Williams grew up dividing his time between living with his father in Oklahoma and his mother in Oakridge, Oregon. He graduated from Northwest Classen High School in Oklahoma City, Oklahoma in 1956. It was in Oklahoma that he began his lifelong friendship with artist Edward Ruscha.

He attended Oklahoma City University (1957–60) and North Texas State University for one semester, and served in the United States Navy from 1961 to 1963.

Career

Music 
In 1968, Williams won three Grammy Awards for his guitar instrumental "Classical Gas". "Classical Gas" was released as a single from The Mason Williams Phonograph Record in 1968. "Classical Gas" won three Grammys that year for "Best Instrumental (theme) Composition", "Best Instrumental (theme) Performance", and "Best Instrumental Orchestra Arrangement", Mike Post, arranger. It sold over one million copies, and was awarded a gold disc. He also wrote songs for The Kingston Trio. For both Handmade and Sharepickers, Mason received two more Grammy nominations for "Best Album Cover Design".Together with Nancy Ames, he wrote "Cinderella Rockefella", a 1968 number one hit for Esther and Abi Ofarim in the United Kingdom.

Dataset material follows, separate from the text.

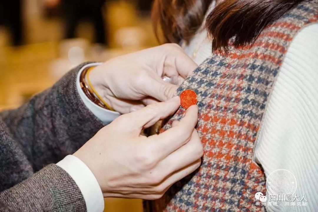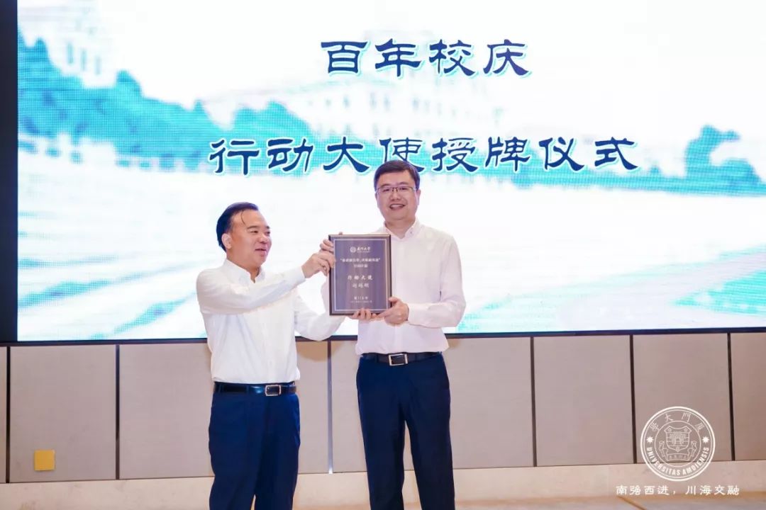 会上,张彦向四川校友会会长赵越刚颁发“‘奋进新百年、共筑新伟业’行动计划行动大使”荣誉奖牌。赵越刚代表四川校友表达了对母校百年校庆的祝福。随后,与会嘉宾共同推开卷轴,“奋进新百年,共筑新伟业”的倡议展现在众人面前,现场响起热烈的掌声。

In 1970, Williams made a television appearance on a variety show, Just Friends, which reunited regulars of The Smothers Brothers Comedy Hour. To create a visual element for his performance, he used a special playable classical plexiglass guitar built for him by Billy Cheatwood and a prop designer for ABC. For the performance, Williams filled the guitar with water and added a couple of goldfish. He then used the plexiglass guitar to finger-sync his hit version of "Classical Gas".

Williams has recorded more than a dozen albums, five on the Warner Bros. label (The Mason Williams Phonograph Record, The Mason Williams Ear Show, Music, Handmade, and Sharepickers). The LP cover for the 1968 Music was painted by pop artist Edward Ruscha. The credit reads "Sorry, Cover by Edward Ruscha."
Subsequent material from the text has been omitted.